Yesterday, not 48 hours after scheduling our initial hospice visit for my mom, she did the unthinkable: she had a great day!! The best in 2 months… at least. The false-hope-screaming-kind-of good day. She said at least 20 complete, intelligible sentences, some 19.5 more than she has said the last 2 months. At one point, while I was singing Gospel music along with Alan Jackson and mom and the Sweet 17, mom looked over at me singing and, once we made eye contact, she booed loudly at me and my singing!!! She then belly laughed at the look at my shocked face at her critique. Never in my life have I been insulted in such a way that brought me so much joy. Hence the strange paradox as I hugged her and left and cried all the way home.
How do I deal with happy when it is supposed to be sad and sad when it is supposed to be happy? I am comfortable with the concept regarding heaven…but not singing! Sigh… Shouldn’t “improvement” make me happy? Shouldn’t “good news” feel good? If that kind of joy’s feeling is correct, I don’t like joy any more.
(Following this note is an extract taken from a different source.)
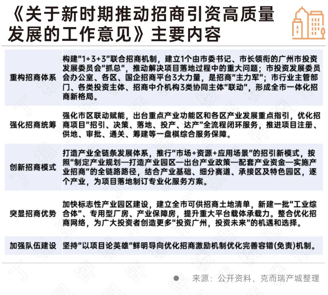 落到本轮招商政策来看,从组织体系、组织模式、招商模式、招商要素、招商队伍等重要环节方面都更加注重完善系统,以合力来配合产业招商。此外,从招商统筹的项目招引、决策、落地、投产、达产全流程闭环服务和“制定产业规划—打造产业园区—出台产业政策—配套产业资金—实施产业招商”招商全链路路径看出,营商环境更加全面细致,只要你有好项目,立马高效帮你落实,这点值得各地政府借鉴学习,与其等着项目“一事一议“,不如所有项目都可以“周全以待”,将有助于留住项目。产业园区是承接产业的重要载体,广州未来也将打造更多标杆项目,对于产业园区开发主体来说,将有更多发展空间,可以期待一下后续广州政府对于优质产业载体的相关激励政策。

It eerily reminds me of mom’s mom, my beloved Green Grandma. Grandma was nearing the end of her life over a decade ago and, very similarly, we called hospice. We thought they may be helpful for her and could even upgrade her wheelchair. The doctor suggested the service so we figured it was a done deal…until she was rejected for hospice. She was doing too well. Should we be joyous that she was not as bad as we thought?? She promptly passed away less than a week later, so apparently stinkin’ not. Today we rejoice that she is happy and perhaps burning rubber in heaven!…but at the time it was a paradox that was devastating to process.
Flash forward 2 or 3 presidents and now mom could use a better wheelchair and was referred to hospice. The hospice folks visited and screened mom a couple days ago. Our formal family meeting with them is tomorrow morning, but my sister (and I feel the same way) needed to know whether she was going to be approved so she called them today. They confirmed that mom was accepted. Sad news? Happy news? What should be happy is sad and what should be sad is happy way too much in this condition’s web. Will she be approved and, just the opposite of my grandma, beat the odds and live a year? Could be! She could also die tomorrow…after all, she has fallen a lot lately. Should we be happy if she gets worse but holds on…for years…and is miserable?
Hence the paradox of joy….and the guilt of withholding it.
Hence, Alzheimer’s…and death sucks. It may have no eternal sting, but it still sucks.